Hong Kong stocks fluctuated between gains and losses as China’s top leaders kicked off a key meeting that investors believe will set the tone for the nation’s economy next year. Hong Kong stocks turned negative in afternoon, erasing earlier gains.
The Hang Seng Index dropped 0.5% in afternoon trading, while the Hang Seng Tech Index fell 1%.
All eyes are on a two-day economic work conference, which begins on Wednesday, as investors are hungry for more detailed policy measures after a readout from a Politburo meeting earlier this week hinted at a greater stimulus effort to improve growth. The Hang Seng Index has gained almost 3 per cent so far this week, indicating that there are high hopes for supportive policies among investors.

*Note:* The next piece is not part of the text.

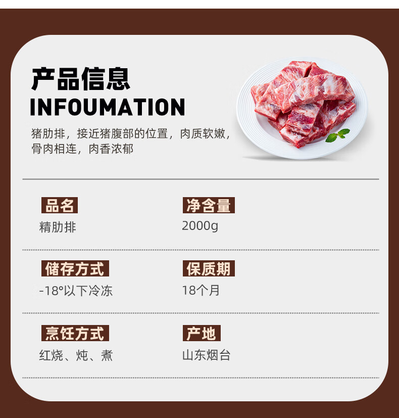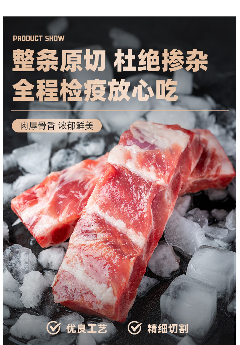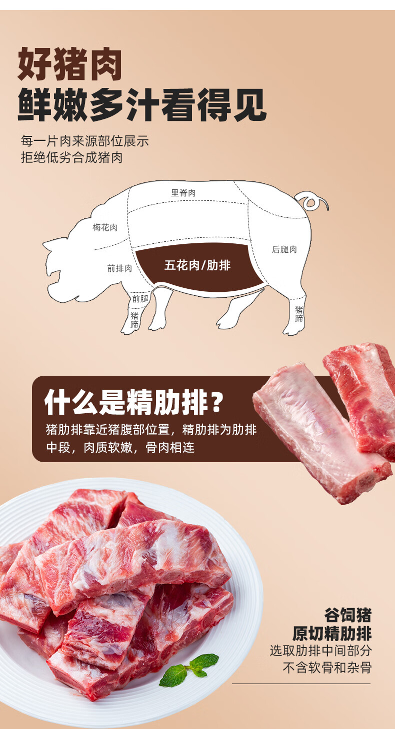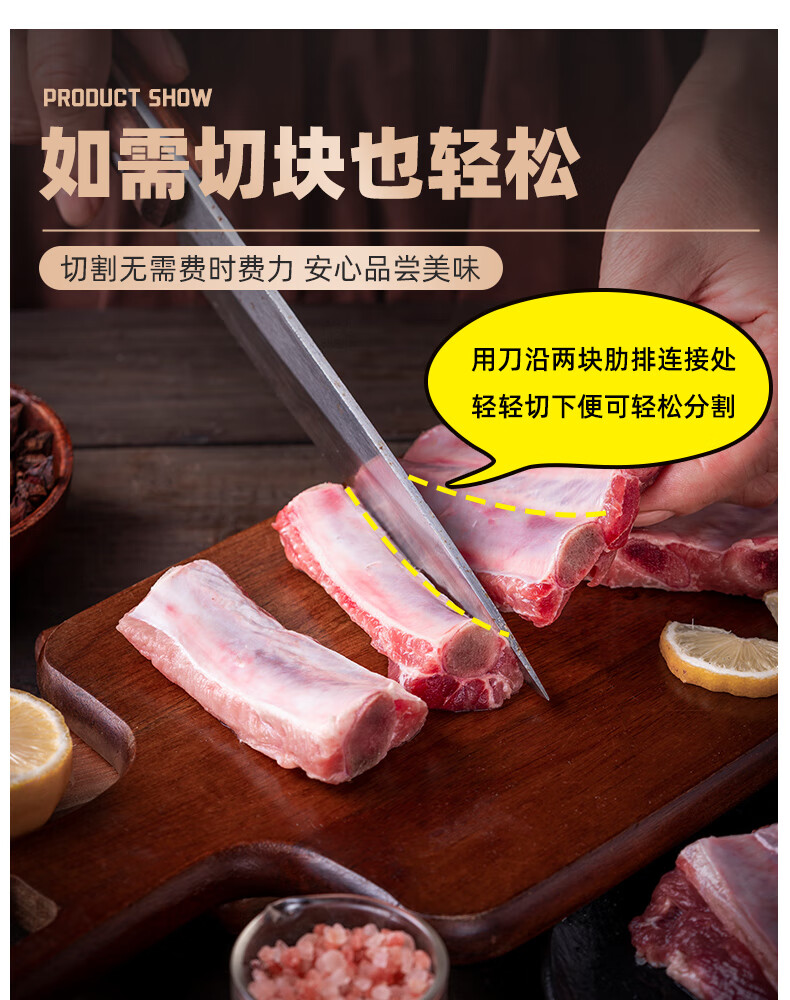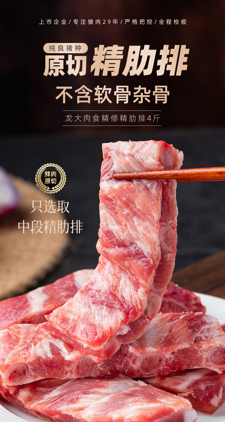 龙大肉食 猪精肋排条 净重4斤 原切整切猪肋条连排精肋排排骨猪肉生鲜
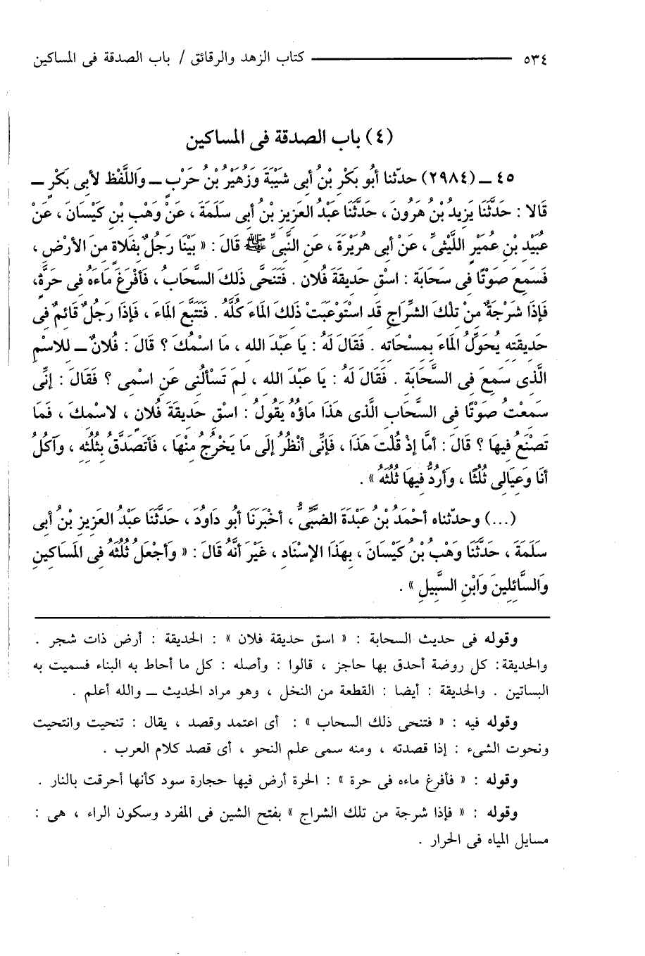 45 - (2984) حدّثنا أَبُو بَكْرِ بْنُ أبِى شَيْبَةَ وَزُهَيْرُ بْنُ حَرْبٍ - وَاللَّفْظ لأبِى بَكْرٍ - قَالا: حَدَّثَنَا يَزِيدُ بْنُ هَارُونَ، حَدَّثَنَا عَبْدُ العَزِيزِ بْنُ أبِى سَلَمَةَ، عَنْ وَهْبِ بْنِ كَيْسَانَ، عَنْ عُبَيْدِ بْنِ عُمَيْرٍ اللَّيْثىِّ، عَنْ أبِى هُرَيْرَةَ، عَنِ النَّبِىِّ صَلَّى اللَّهُ عَلَيْهِ وَسَلَّمَ قَالَ: " بَيْنَا رَجُلٌ بِفَلاةٍ مِنَ الأرْضِ، فَسَمِعَ صَوْتًا فِى سَحَابَة: اسْقِ حَدِيقَةَ فُلان. فَتَنَحَّى ذَلِكَ السَّحَابُ، فَأَفْرَغَ مَاءَهُ فِى حَرَّةٍ، فَإذَا شَرْجَةٌ مِنْ تِلْكَ الشِّرَاجِ قَدِ اسْتَوْعَبَتْ ذَلِكَ المَاءَ كُلَّهُ. فَتَتَبَّعَ المَاءَ، فَإذَا رَجُلٌ قَائِمٌ فِى حَدِيقَتِهِ يُحَوَّلُ المَاءَ بِمِسْحَاتِهِ. فَقَالَ لَهُ: يَا عَبْدَ اللهِ، مَا اسْمُكَ؟ قَالَ: فُلانٌ - لِلاسْمِ الَّذِى سَمِعَ فِى السَّحَابَةِ. فَقَالَ لَهُ: يَا عَبْدَ اللهِ، لِمَ تَسْألُنِى عَنِ اسْمِى؟ فَقَالَ: إنِّى سَمِعْتُ صَوْتًا فِى السَّحَاب الَّذى هَذَا مَاؤُهُ يَقُولُ: اسْقِ حَدِيقَةَ فُلانٍ، لاسْمِكَ، فَمَا تَصْنَعُ فِيهَا؟ قَالَ: أمَّا إذْ قُلْتَ هَذَا، فَإنِّى أنْظُرُ إلَى مَا يَخْرُجُ مِنْهَا، فَأتَصَدَّقُ بِثُلُثِهِ، وآكُلُ أنَا وَعِيَالِى ثُلُثًا، وَأرُدُّ فِيهَا ثُلُثَهُ ".

Among the most substantial gainers that make up the Hang Seng Index, hotpot restaurant chain Haidilao International and China Mengniu Dairy both rose 2.1%. Among the losers, tool maker Techtronic Industries slumped 4.2% and real estate developer Sun Hung Kai Properties fell 1.8%.
Fosun Tourism Group jumped 80.3 per cent to HK$7.21, on track for its largest-ever gain, following the release of a go-private plan where the offer price is 95 per cent higher than its stock’s last close.
SenseTime, the Chinese developer of artificial intelligence technology, fell 1.3% after it signed an agreement with three brokerages for a stock placement that would raise HK$2.79 billion (US$358.8 million).
In terms of other star stocks, Bilibili fell 4%; NIO and Meituan fell 3%; JD.com fell 2%; XPeng fell 1.5%; Li Auto and Xiaomi fell 1.1%; Baidu rose 0.8%.